A new study links doing one's homework, being interested and behaving responsibly in high school to better academic and career success as many as 50 years later. This effect, reported in the Journal of Personality and Social Psychology, holds true even after accounting for parental income, IQ and other factors known to influence achievement, researchers report.
The study analyzed decades of data collected by the American Institutes for Research beginning in 1960 and continuing to the present. The original data set included more than 370,000 students. High school participants were originally tested on academic, cognitive and behavioral characteristics in 1960 and also responded to follow-up surveys in later years. The new analysis looked at the initial student tests and their responses 11 years and 50 years later.
Of the 1,952 participants randomly selected from those who responded to surveys 50 years later, "those who showed more interest in high school and had higher writing skills reported earning higher incomes," said Spengler, who led the study. "They also tended to have higher occupational prestige than their peers when they showed responsible behaviors as a student." This was in addition to the gains associated with IQ, family income and personality traits such as conscientiousness, she said.
https://phys.org/news/2018-02-links-responsible-behavior-high-school.html
[Also Covered By]:
Behavior in high school predicts income and occupational success later in life
American Psychological Association
[Source]: University of Illinois
The paper "How you behave in school predicts life success above and beyond family background, broad traits, and cognitive ability" is available online and from the U. of I. News Bureau. DOI
Has your experience been as described ??
(Score: 0) by Anonymous Coward on Thursday March 01 2018, @05:30AM (3 children)
I got laid off my programming job 1 week ago (plus 2 weeks advance "notice" before that), and I just got a new job at a raise for close to $150,000.
This seems like I am posting to rub salt in the wound, but I promise I am not. I put it out there as proof that software jobs really are out there, but you do have to:
1) Live in an area where there is a sizable software or IT services industry
2) Have in-demand (current, but not necessarily cutting edge) skills
3) Be able to verbally explain the value you bring as an employee
4) Have an employment record that shows strong (and ideally increasing) responsibility
You can turn it around and join the programming world, but only if you can give employers what they are looking for.
And you have to be willing to live where the jobs are.
(Score: 0) by Anonymous Coward on Thursday March 01 2018, @07:02AM (2 children)
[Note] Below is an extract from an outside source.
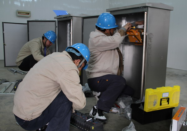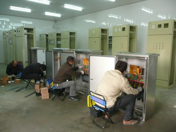为快速、顺利推进高低压开关成套设备、三箱类产品、桥架及母线生产项目,公司高度重视相关管理、技术、市场经验积累,购进数控机床,整合资源,创造条件,在抓好新厂筹建的同时,在原台北供电所办公场地进行低压电气设备开工试生产。领导班子成员全部亲临现场指导、观摩。试生产现场,剪切、钻孔、打磨、安装、调试,有条不紊。一个个电缆分支箱、高低压柜相继“诞生”。低压配电设备开工试生产,为加快项目建设步伐奠定了基础。(司宣)

Have fun with your insanely expensive cost of living, or at least in most cases. In a world where it's possible to work remotely, this is fucking inexcusable.
(Score: 0) by Anonymous Coward on Thursday March 01 2018, @12:49PM (1 child)
It's a different set of tradeoffs, remote versus onsite.
Remote work tends to be a career dead end. If you are OK with never advancing beyond programmer individual contributor, this may be fine.
Customer interaction is pretty hard to do remotely as a general rule too. On the plus side, if you enjoy living off the beaten path, you can as a remote worker. You just need internet access.
On the minus side, if your work can be done remotely, then it can be done by anyone in the world that speaks your boss's language. You are competing with the entire world, and this tends to lower your wage.
(Score: 0) by Anonymous Coward on Sunday March 04 2018, @01:03PM
The problem is that, once you do the math, you'll often find that it's not worth living in places like Silicone Valley at all, even if the job appears to pay an insane amount.
Maybe you're not very good at your job then. Of course, most employees are bad at telling if someone is good at their job, so they'd probably happily replace a good employee with some random fool in India.